ACTIVITY: All lines below between the line with "Wat ook opviel: Het" and the line with "Measure the indention/penetration", including both, must be copied exactly, and the pictures must be omitted.

Data records:

· · ·

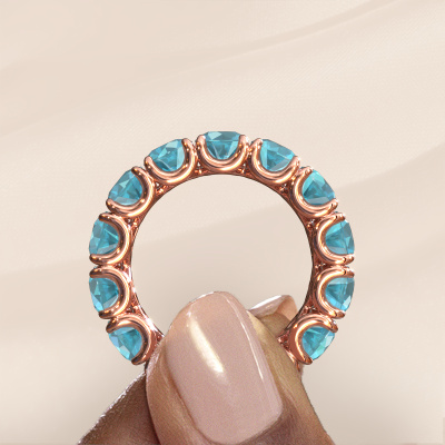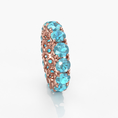 Das ist unser Estee 5.0-Ring. Dieser spezielle Typ wird als eternity Ring bezeichnet und ist mit einer durchgehenden Linie von identisch geschliffenen Edelsteinen besetzt. Er ist aus 14 Karat Roségold und mit kleineren 5 mm Blaue Topas besetzt. Die erstaunlichen Blaue Topas sind identisch in der Größe und im Ringband platziert. Unsere Blaue Topas werden sorgfältig ausgewählt, damit sie identisch sind und somit das beste Ergebnis erzielen. Um das beste Ergebnis zu erzielen, positioniert unser Juwelier alle Blaue Topas von Hand und mit größter Sorgfalt. Unsere Juweliere haben nur ein Ziel, nämlich den perfekten Ring zu kreieren. Deshalb lieben wir, was wir tun. Am Ende bekommen Sie einen atemberaubenden, exklusive Roségold Ring mit einer Reihe von Blaue Topas, die weder Anfang noch Ende zu haben scheinen. Das perfekte Symbol für Ihre unsterbliche Liebe zu ihr! Ist sie nicht eine Schönheit? Haben Sie ein bestimmtes Budget? Sie können uns gerne kontaktieren, damit wir Ihre Optionen besprechen können. Wir bieten unsere Ringe zum garantiert besten Preis, denn wir fertigen sie auf Bestellung. Solche Preise finden Sie nirgendwo anders!Unsere talentierten, leidenschaftlichen Designer fügen unserer Online-Kollektion täglich neue Designs hinzu. Zusammen versuchen sie, eine vielfältige Kollektion feinster Schmuckstücke zu erstellen. Wenn Sie es vorziehen, einen Ring nach Ihrem eigenen Entwurf zu machen, können Sie gerne ein Angebot anfordern. Wir machen Ihnen ein großartiges Angebot, basierend auf Qualität und Preis.Um es einfacher zu machen, bieten wir eine kostenlose 30-tägige Rücksendung.
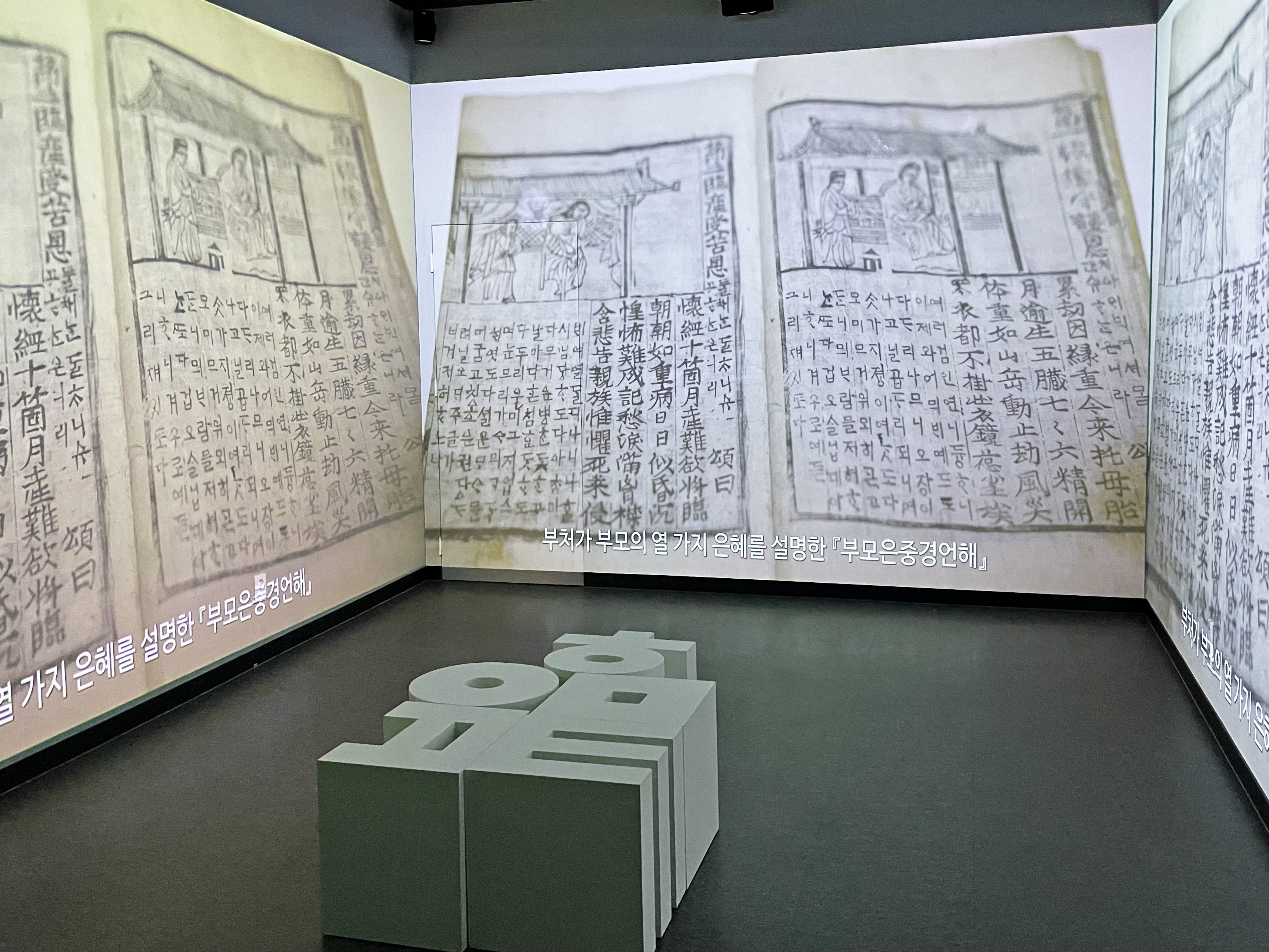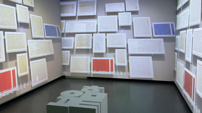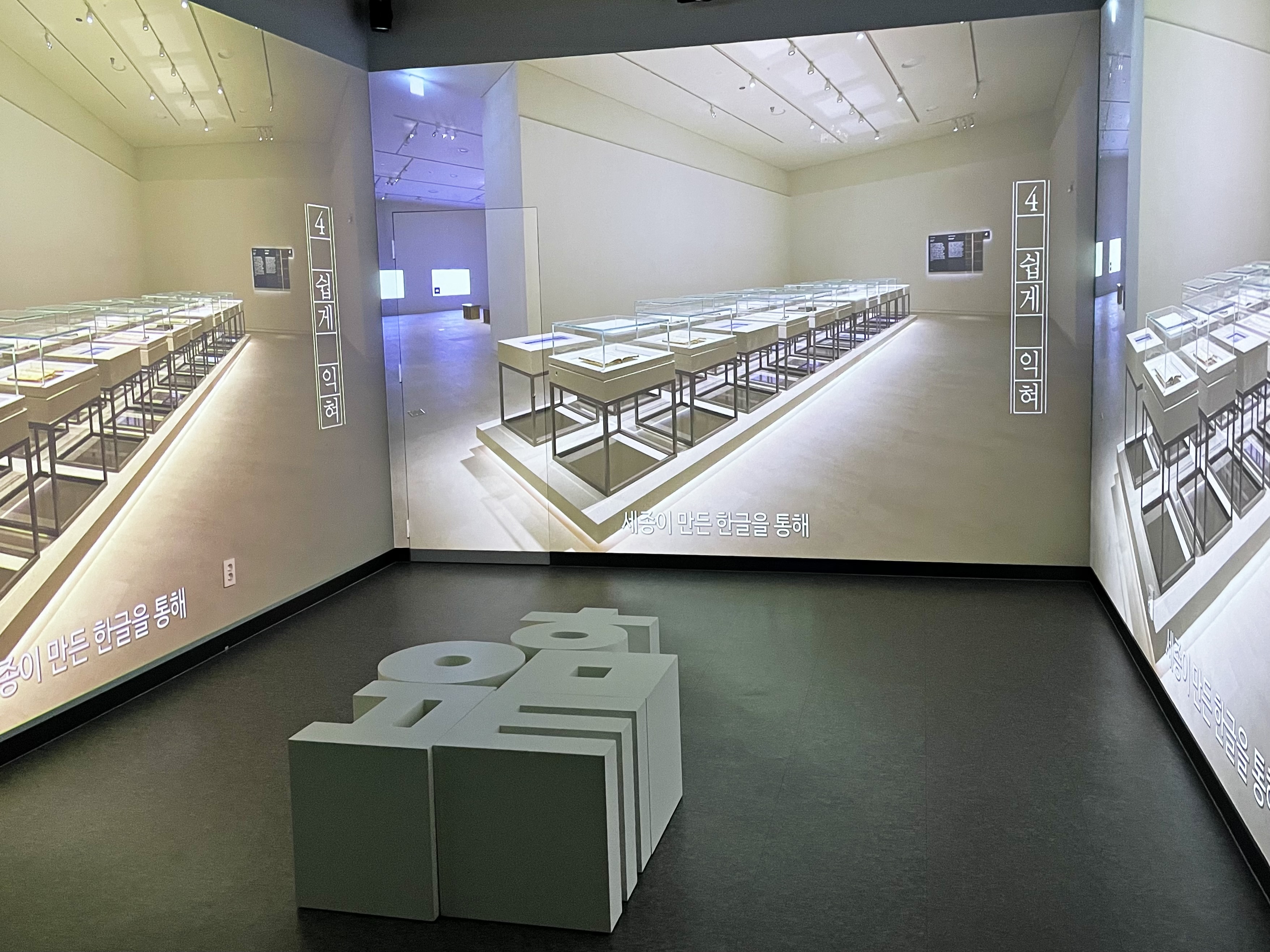 한글과 관련된 다양한 내용이 3개의 벽면에 비춰지고 있었습니다.
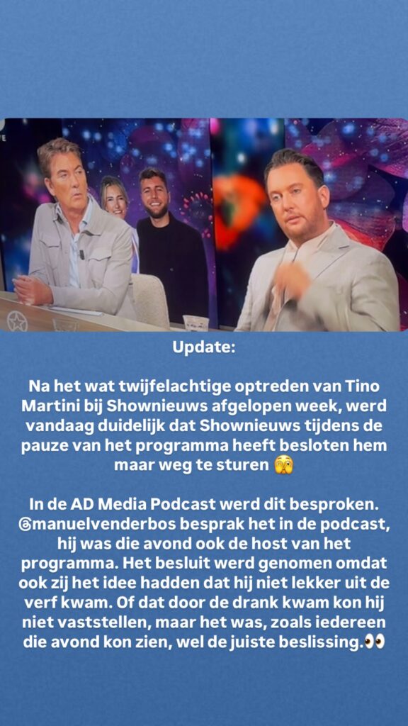 Wat ook opviel: Het Tino Martin Shownieuws-optreden begon al stroef. Volgens presentator Manuel Venderbos was de zanger vooraf al nerveus. Hij kwam moeilijk uit zijn woorden, sprak vaag en leek afwezig tijdens discussies aan tafel. Bij het onderwerp Songfestival raakte hij compleet de draad kwijt.
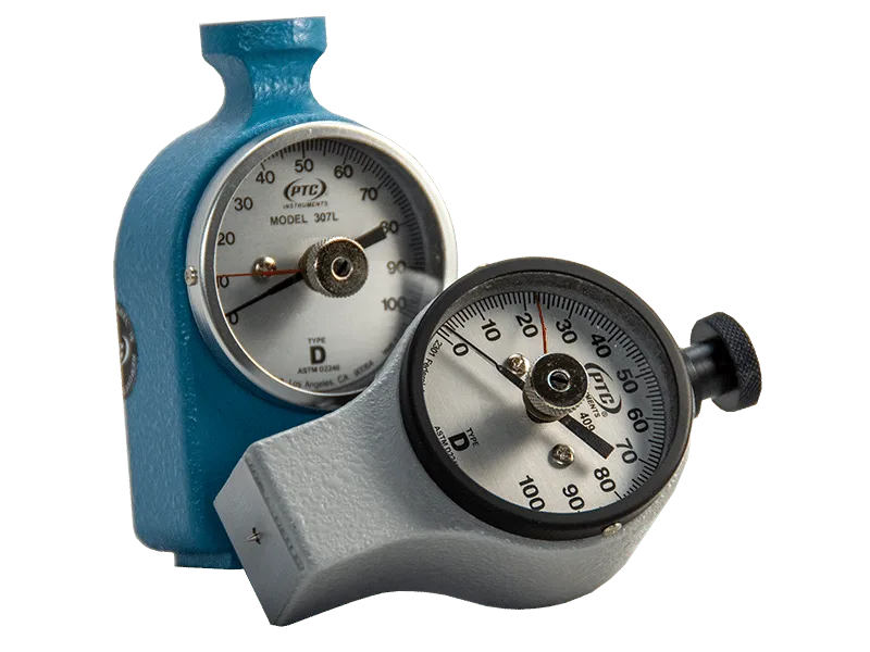 Measure the indention/penetration hardness of plastics, rubber and thick film coatings in the laboratory, shop or field according to ASTM D2240 using the PTC Durometer Hardness Tester.
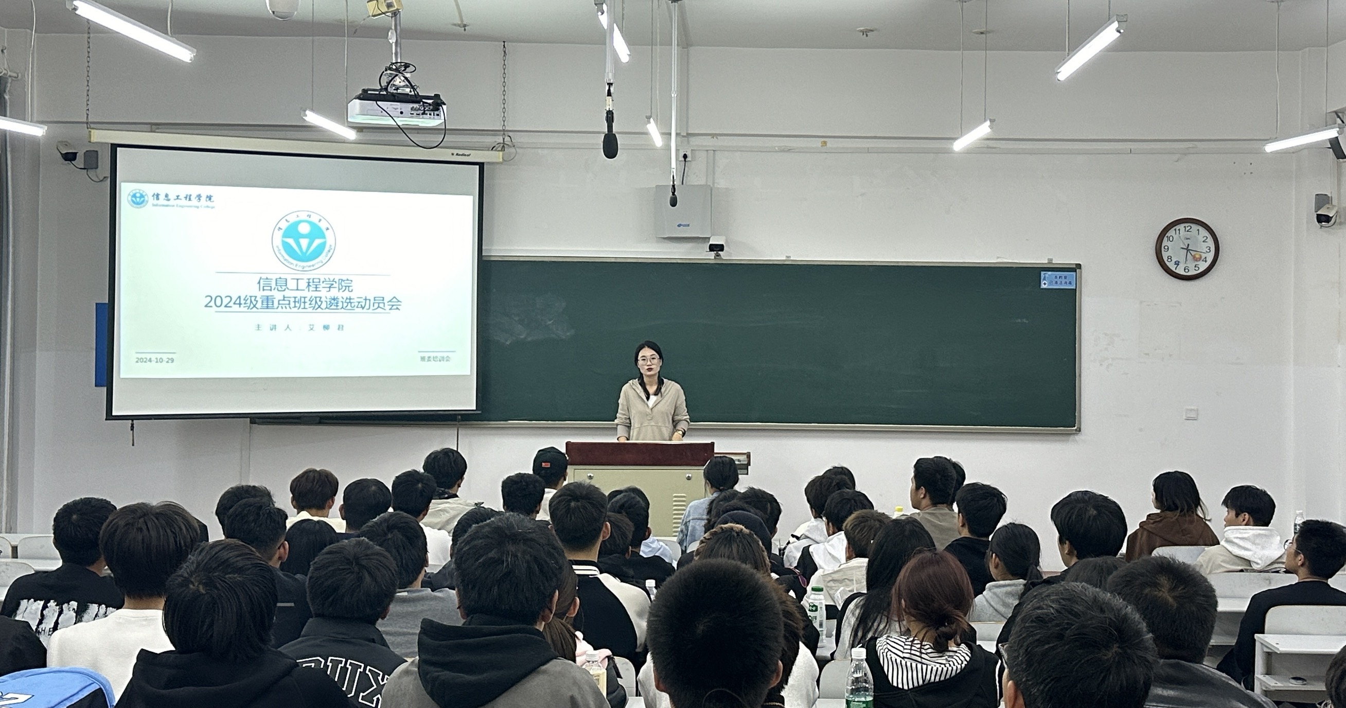 为进一步提升班委的工作自主性、管理能力和责任意识,持续推动学院学风建设,信息工程学院于2024年10月29日在獐子岛教学楼522教室召开2024级班委培训暨重点班级遴选动员会。2024级辅导员艾柳君、学生辅导员刘畅、王天震、班导师助理李诗阳以及2024级各班班委参加。会议由艾柳君主持。

· · ·

WRITTEN ANSWER:
 Wat ook opviel: Het Tino Martin Shownieuws-optreden begon al stroef. Volgens presentator Manuel Venderbos was de zanger vooraf al nerveus. Hij kwam moeilijk uit zijn woorden, sprak vaag en leek afwezig tijdens discussies aan tafel. Bij het onderwerp Songfestival raakte hij compleet de draad kwijt.
 Measure the indention/penetration hardness of plastics, rubber and thick film coatings in the laboratory, shop or field according to ASTM D2240 using the PTC Durometer Hardness Tester.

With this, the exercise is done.